::: DATA SHOWN :::

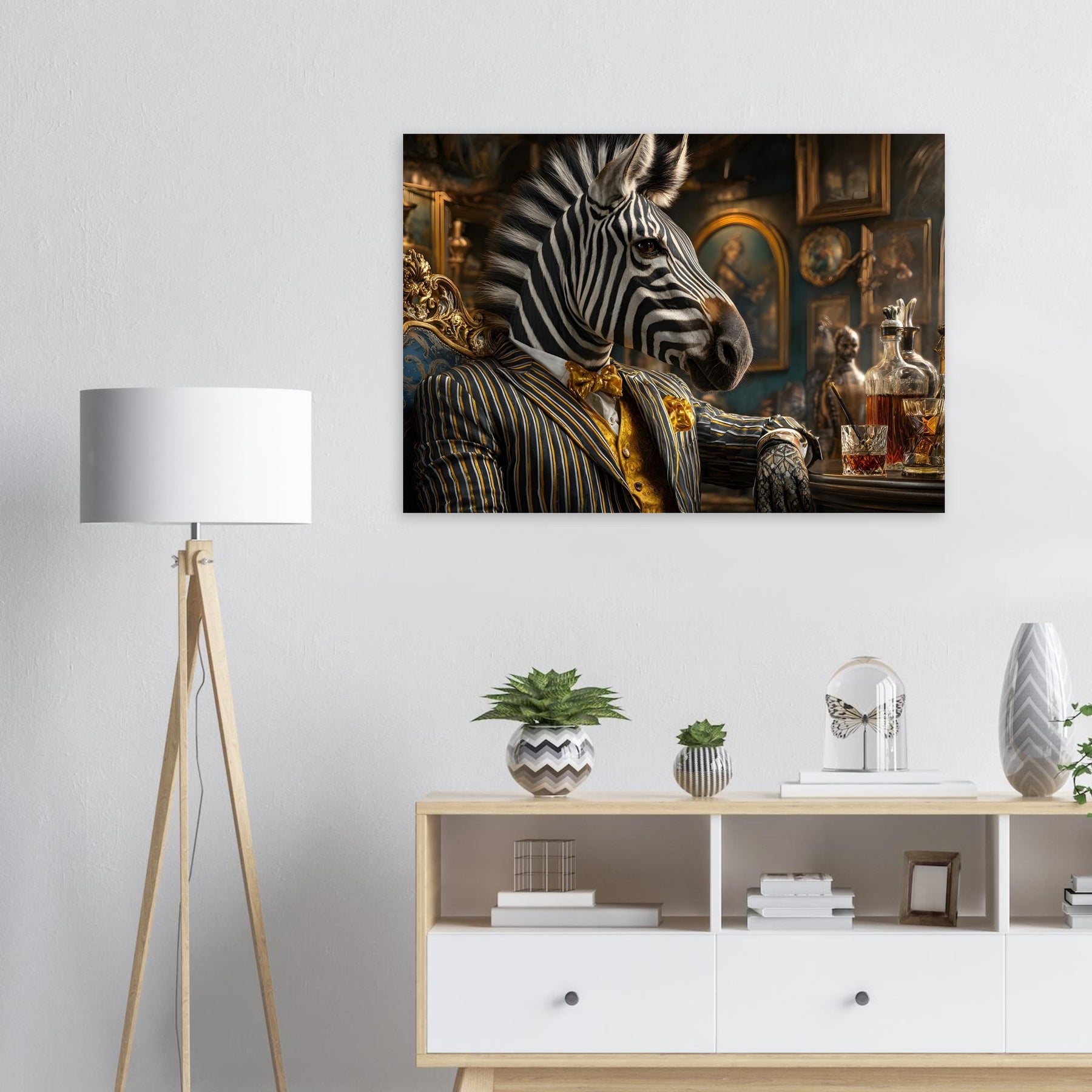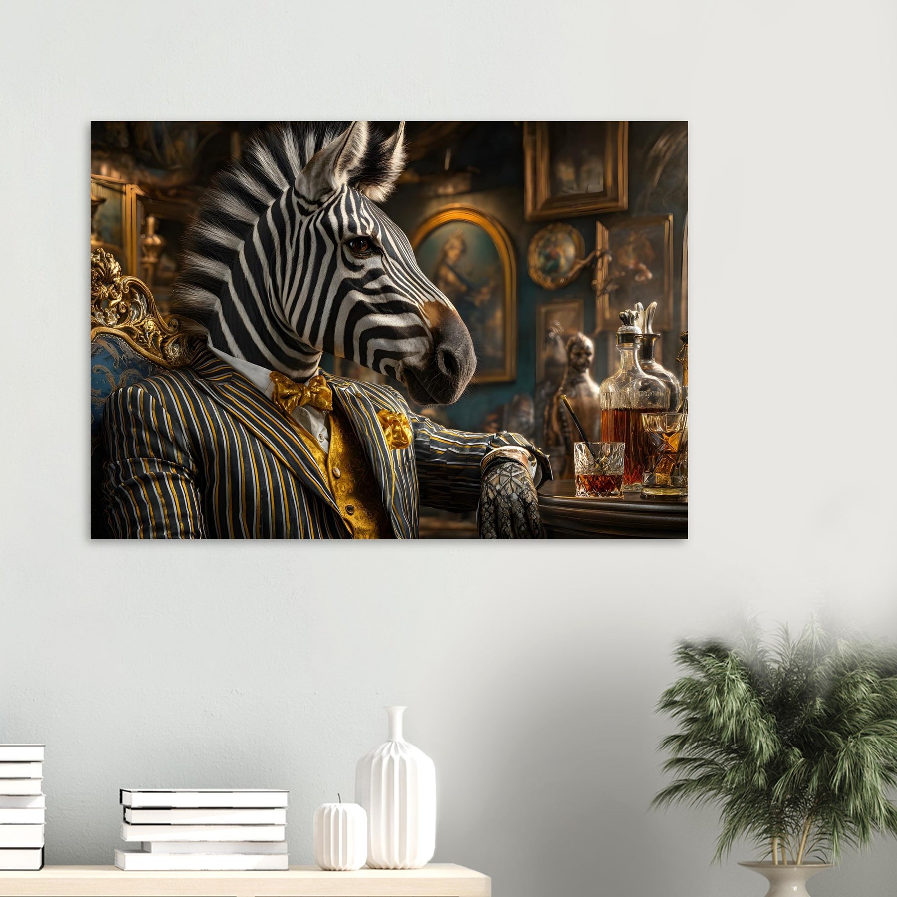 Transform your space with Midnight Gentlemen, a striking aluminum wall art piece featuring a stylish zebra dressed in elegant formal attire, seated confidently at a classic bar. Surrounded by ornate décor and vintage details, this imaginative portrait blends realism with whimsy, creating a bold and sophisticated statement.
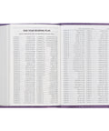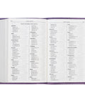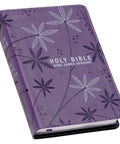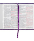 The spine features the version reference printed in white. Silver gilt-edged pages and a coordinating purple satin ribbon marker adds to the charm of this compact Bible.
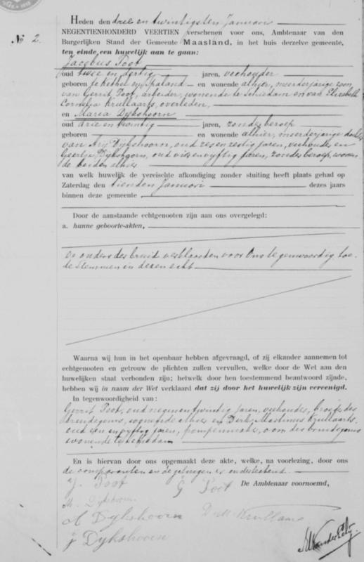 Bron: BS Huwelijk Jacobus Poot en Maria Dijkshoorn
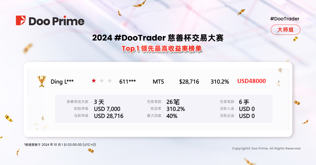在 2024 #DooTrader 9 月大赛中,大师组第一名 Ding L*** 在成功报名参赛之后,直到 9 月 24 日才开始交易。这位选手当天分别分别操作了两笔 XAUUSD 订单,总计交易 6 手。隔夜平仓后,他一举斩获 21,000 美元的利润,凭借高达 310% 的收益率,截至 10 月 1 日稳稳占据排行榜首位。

:::

▸ **DIRECTIONS**:
Would you reproduce the lines above exactly, without carrying over the pictures?

▸ **ANSWER**:
 Transform your space with Midnight Gentlemen, a striking aluminum wall art piece featuring a stylish zebra dressed in elegant formal attire, seated confidently at a classic bar. Surrounded by ornate décor and vintage details, this imaginative portrait blends realism with whimsy, creating a bold and sophisticated statement.
 The spine features the version reference printed in white. Silver gilt-edged pages and a coordinating purple satin ribbon marker adds to the charm of this compact Bible.
 Bron: BS Huwelijk Jacobus Poot en Maria Dijkshoorn
在 2024 #DooTrader 9 月大赛中,大师组第一名 Ding L*** 在成功报名参赛之后,直到 9 月 24 日才开始交易。这位选手当天分别分别操作了两笔 XAUUSD 订单,总计交易 6 手。隔夜平仓后,他一举斩获 21,000 美元的利润,凭借高达 310% 的收益率,截至 10 月 1 日稳稳占据排行榜首位。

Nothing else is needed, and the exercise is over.